# Taking a Bath



## Noxiousted (Aug 4, 2018)

Today I was sitting at my desk like normal and I just got back with a glass cup with some ice and soda. I was drinking and Mercedes was sitting in front of me and he started having interest in it and I put the cup up to him and and he started acting like he was going to drink from it so I pulled it away and got up and got a glass cup with water. I put it in front of him and he started drinking and then hopped on the side and put his foot in and then almost fell in and flew away. After a few minutes I put him back on the cup and he started drinking again and then dunked his head in and came out with wet sneezes. He kept dunking his head for a while until he decided that he wanted to jump in and I caught him before he did because it was a full cup of water. I tried putting water in a red glass bowl but he was scared of it. Though most of the reason he dunked his head in the water is because he is head molting a lot. I'm just glad he tried to take a bath.

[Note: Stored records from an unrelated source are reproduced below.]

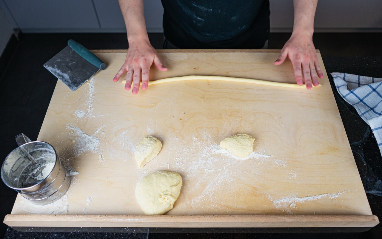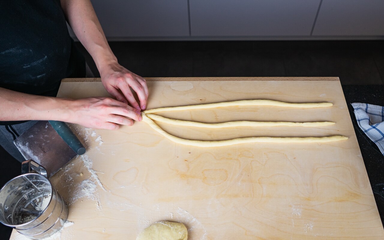 - Take 3 dough balls and roll each one to a cord of 22 to 25 cm
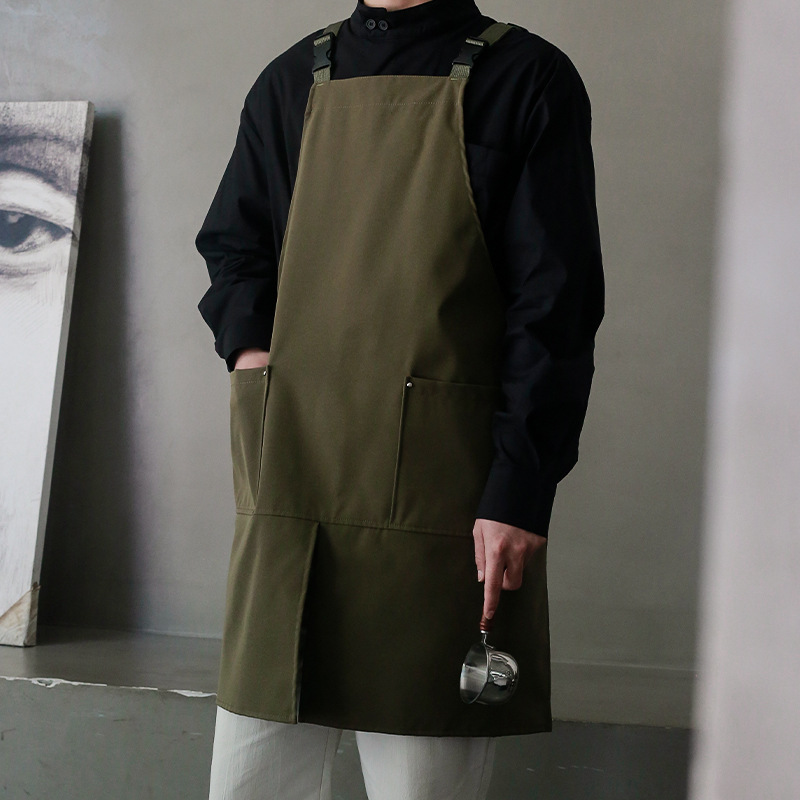 아마존 슬릿 방수 앞치마 커피 레스토랑 캔버스 앞치마 순수 코튼 주방 로고 작업복
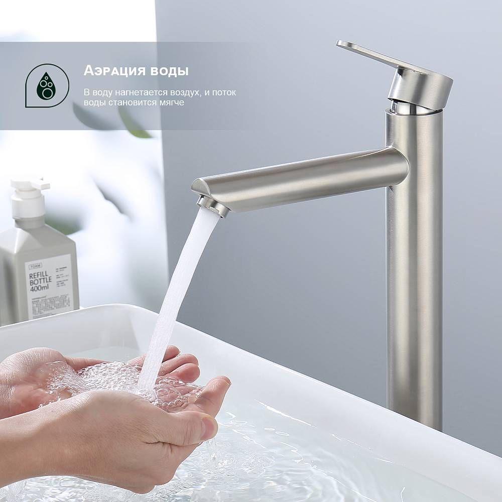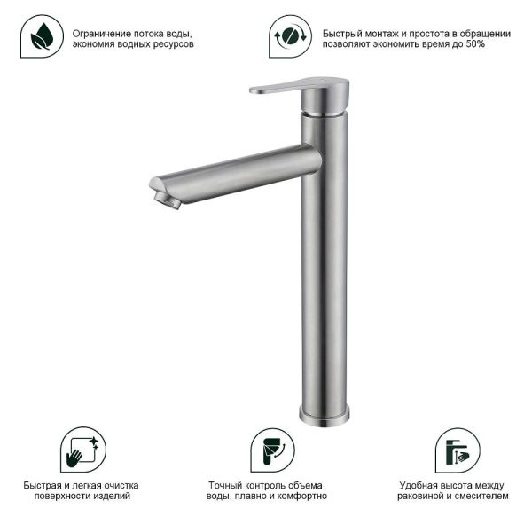 Высокий смеситель для раковины Splenka S223.15.05 сатин купить
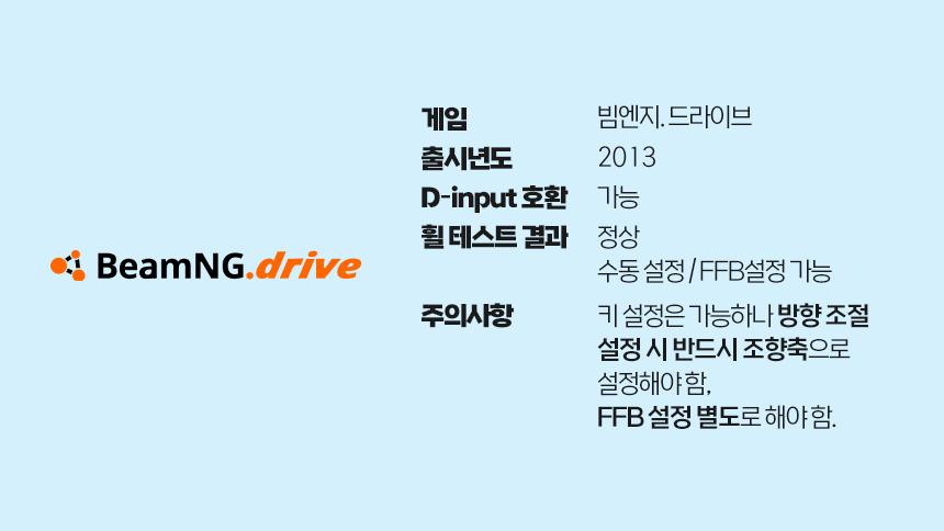 ![]() 즐거운 레이싱 게임의 필수품! 엘리트 레이싱 휠을 빔엔지. 드라이브에서 즐기기 위해서는 다음과 같은 몇 가지 수동 설정이 필요합니다.
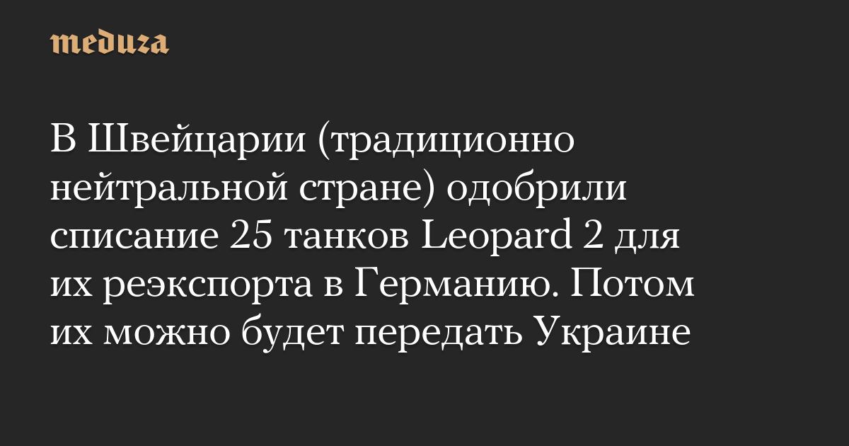 Национальный совет Швейцарии (одна из двух палат парламента) одобрил списание 25 танков Leopard 2, сообщают SRF и Basler Zeitung. Если Совет кантонов (вторая палата парламента) также одобрит это решение, то Швейцария сможет реэкспортировать танки в Германию, а немецкие власти смогут передать их Украине.
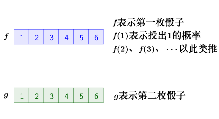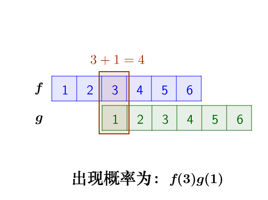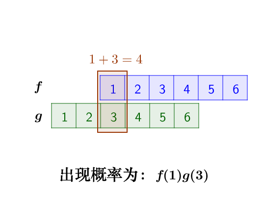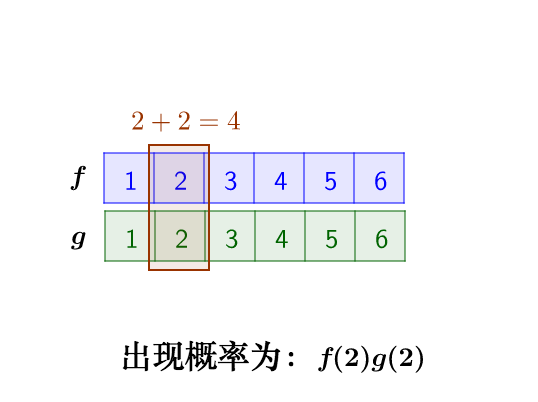问题的关键是,两个骰子加起来要等于4,这正是卷积的应用场景。我们把骰子各个点数出现的概率表示出来:
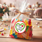 6cm x 6cm adhesive sticker – Just the right size for favour bags, jars, or packaging.
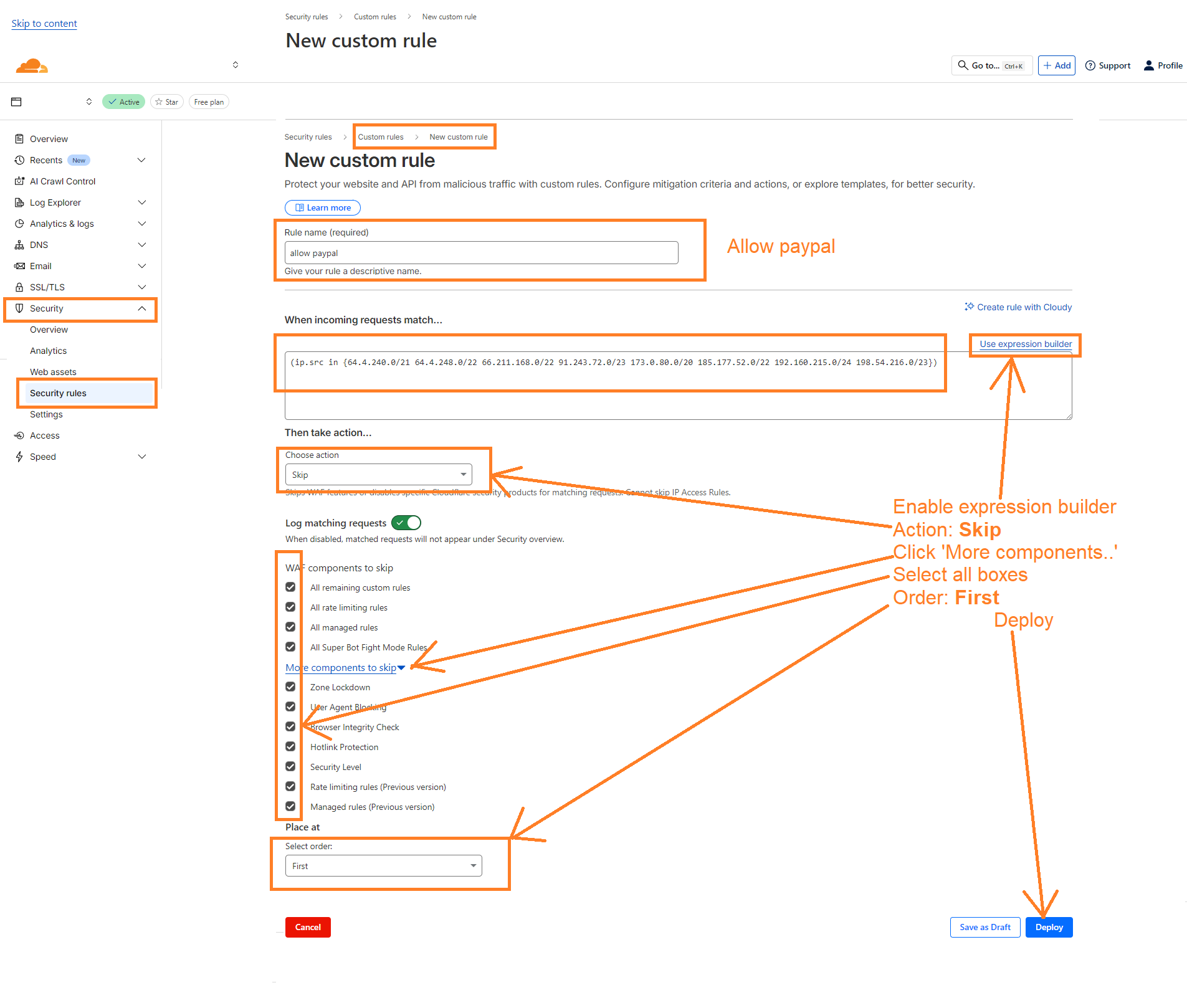 Then setup things as on screenshot below. Expression for PayPal IPs from moment I publish this post (you can get current Paypal IP here: https://www.paypal.com/us/cshelp/article/what-are-the-internet-protocol-ip-addresses-for-paypal-server-endpoints-ts1056 ):
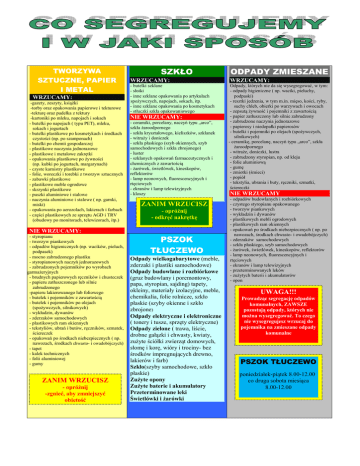 TWORZYWA SZTUCZNE, PAPIER I METAL WRZUCAMY: -gazety, zeszyty, książki -torby oraz opakowania papierowe i tekturowe -tekturę oraz pudełka z tektury -kartoniki po mleku, napojach i sokach - butelki po napojach ( typu PET), mleku, sokach i jogurtach - butelki plastikowe po kosmetykach i środkach czystości (np. po szamponach) - butelki po chemii gospodarczej - plastikowe naczynia jednorazowe - plastikowe i metalowe zakrętki - opakowania plastikowe po żywności (np. kubki po jogurtach, margarynach) - czyste karnistry plastikowe - folie, woreczki i torebki z tworzyw sztucznych - zabawki plastikowe - plastikowe meble ogrodowe - skrzynki plastikowe - puszki aluminiowe i stalowe - naczynia aluminiowe i stalowe ( np. garnki, miski) - opakowania po aerozolach, lakierach i farbach - części plastikowych ze sprzętu AGD i TRV (obudowy po monitorach, telewizorach, itp.) SZKŁO WRZUCAMY: WRZUCAMY: - butelki szklane - słoiki - inne szklane opakowania po artykułach spożywczych, napojach, sokach, itp. - inne szklane opakowania po kosmetykach - stłuczki szkła opakowaniowego Odpady, których nie da się wysegregować, w tym: - odpady higieniczne ( np. waciki, pieluchy, podpaski) - resztki jedzenia, w tym m.in. mięso, kości, ryby, suchy chleb, obierki po warzywach i owocach - zepsutą żywność i pojemniki z zawartością - papier zatłuszczony lub silnie zabrudzony - zabrudzone naczynia jednorazowe - papierosy i niedopałki papierosów - butelki i pojemniki po olejach (spożywczych, silnikowych) - ceramikę, porcelanę, naczyń typu „arco”, szkła żaroodpornego - witraże, doniczki, lustra - zabrudzony styropian, np. od kleju - folie aluminiową - gumę - zmiotki (śmieci) - popiół - tekstylia, ubrania i buty, ręczniki, szmatki, ściereczki NIE WRZUCAMY: - ceramiki, porcelany, naczyń typu „arco”, szkła żaroodpornego - szkła kryształowego, kieliszków, szklanek - witraży i doniczek - szkła płaskiego (szyb okiennych, szyb samochodowych i szkła zbrojonego) - luster - szklanych opakowań farmaceutycznych i chemicznych z zawartością - żarówek, świetlówek, kineskopów, reflektorów - lamp neonowych, fluorescencyjnych i rtęciowych - ekranów i lamp telewizyjnych - kloszy ZANIM WRZUCISZ - opróżnij - odkręć nakrętkę NIE WRZUCAMY: - styropianu - tworzyw piankowych - odpadów higienicznych (np. wacików, pieluch, podpasek) - mocno zabrudzonego plastiku - styropianowych naczyń jednorazowych - zabrudzonych pojemników po wyrobach garmażeryjnych - brudnych papierowych ręczników i chusteczek - papieru zatłuszczonego lub silnie zabrudzonego -papieru lakierowanego lub foliowego - butelek i pojemników z zawartością - butelek i pojemników po olejach (spożywczych, silnikowych) - wykładzin, dywanów - zderzaków samochodowych - plastikowych ram okiennych - tekstyliów, ubrań i butów, ręczników, szmatek, ściereczek - opakowań po środkach niebezpiecznych ( np. nawozach, środkach chwasto- i owadobójczych) - tapet - kalek technicznych - folii aluminiowej - gumy ZANIM WRZUCISZ - opróżnij -zgnieć, aby zmniejszyć objętość ODPADY ZMIESZANE PSZOK TŁUCZEWO Odpady wielkogabarytowe (meble, zderzaki i plastiki samochodowe) Odpady budowlane i rozbiórkowe (gruz budowlany i poremontowy, papa, styropian, sajding) tapety, okleiny, materiały izolacyjne, meble, chemikalia, folie rolnicze, szkło płaskie (szyby okienne i szkło zbrojone) Odpady elektryczne i elektroniczne ( tonery i tusze, sprzęty elektryczne) Odpady zielone ( trawa, liście, drobne gałązki i chwasty, kwiaty, zużyte ściółki zwierząt domowych, słomę i korę, wióry i trociny- bez środków impregnujących drewno, lakierów i farb) Szkło(szyby samochodowe, szkło płaskie) Zużyte opony Zużyte baterie i akumulatory Przeterminowane leki Świetlówki i żarówki NIE WRZUCAMY - odpadów budowlanych i rozbiórkowych - czystego styropianu opakowanego - tworzyw piankowych - wykładzin i dywanów - plastikowych mebli ogrodowych - plastikowych ram okiennych - opakowań po środkach niebezpiecznych ( np. po nawozach, środkach chwasto- i owadobójczych) - zderzaków samochodowych - szkła płaskiego, szyb samochodowych - żarówek, świetlówek, kineskopów, reflektorów - lamp neonowych, fluorescencyjnych i rtęciowych - ekranów i lamp telewizyjnych - przeterminowanych leków - zużytych baterii i akumulatorów - opon UWAGA!!! Prowadząc segregację odpadów komunalnych, ZAWSZE pozostają odpady, których nie można wysegregować. To czego nie wysegregujesz wrzucaj do pojemnika na zmieszane odpady komunalne PSZOK TŁUCZEWO poniedziałek-piątek 8.00-12.00 co druga sobota miesiąca 8.00-12.00
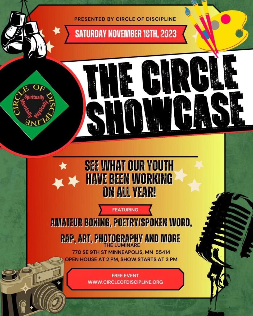 The Circle of Discipline hosts amateur boxing and more at the “Circle Showcase” this Saturday, November 18, 2023 at the Luminare in Minneapolis. The event will highlight the talent in the Circle’s youth programs which include boxing, poetry/spoken word, rap, art, photography and more. The doors open at 2 PM with the show set to start at 3 PM. This is a free event however donations are welcome to help support the COD youth programs here https://www.givemn.org/donate/Circle-Of-Discipline.
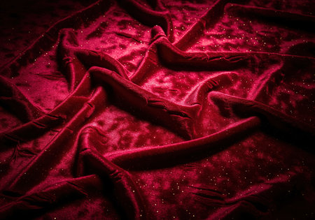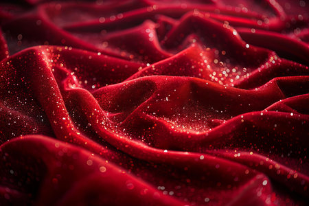 A close up view of luxurious deep crimson velvet fabric, elegantly crumpled with soft folds. shimmering glitter particles are scattered across the rich texture, creating a festive and opulent background.
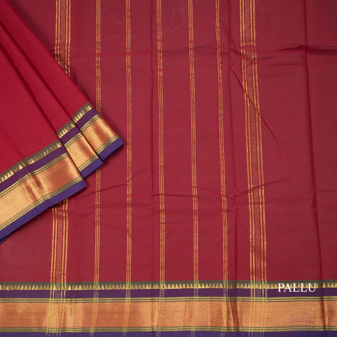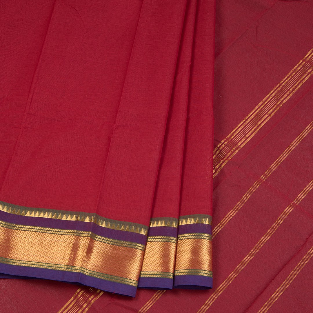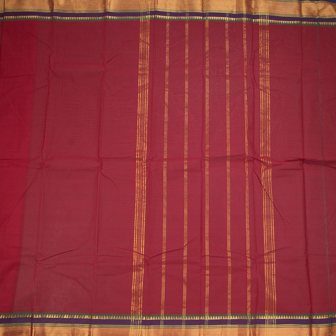 Chettinad Cotton Maroon Plain Saree With Temple Border Without Blouse

Update: got him to do it in the bowl Taking a bath - YouTube


----------



## RavensGryf (May 8, 2015)

That’s great that Mercedes is curious about taking a bath!  One suggestion though.. don’t make the water so deep. It’s safer if the water is only an inch or maybe a bit more, and besides it doesn’t need to be any deeper since they don’t immerse themselves. They’ll splash and fluff around in it, and the water will get on the feathers that way.


----------



## FaeryBee (May 9, 2011)

*Good job Mercedes.
Please use a very shallow dish when you allow Mercedes to bath.

The "Lix It" bath is a good choice:








*


----------



## PlumpyParakeet (Apr 22, 2018)

I have that bird bath and I use it as the water dish in hopes my budgies might use it as a bath. In the 18 months or so I have had it, it has been used 2 maybe 3 times as a bath. I was astounded each time! Once one budgie decides to have a bath, the other 2 become interested as well. It's so cute! 

It's not as convenient to change the water as the water dish that came with the cage but I think it's worth it for the occasional bath.

:budgie: :grey: :yellow face 2:


----------



## sweettreat (Jan 3, 2014)

The Lix It bath works for my birds. i just hold it inside their cage. They do make a mess, but it's fun to watch.


----------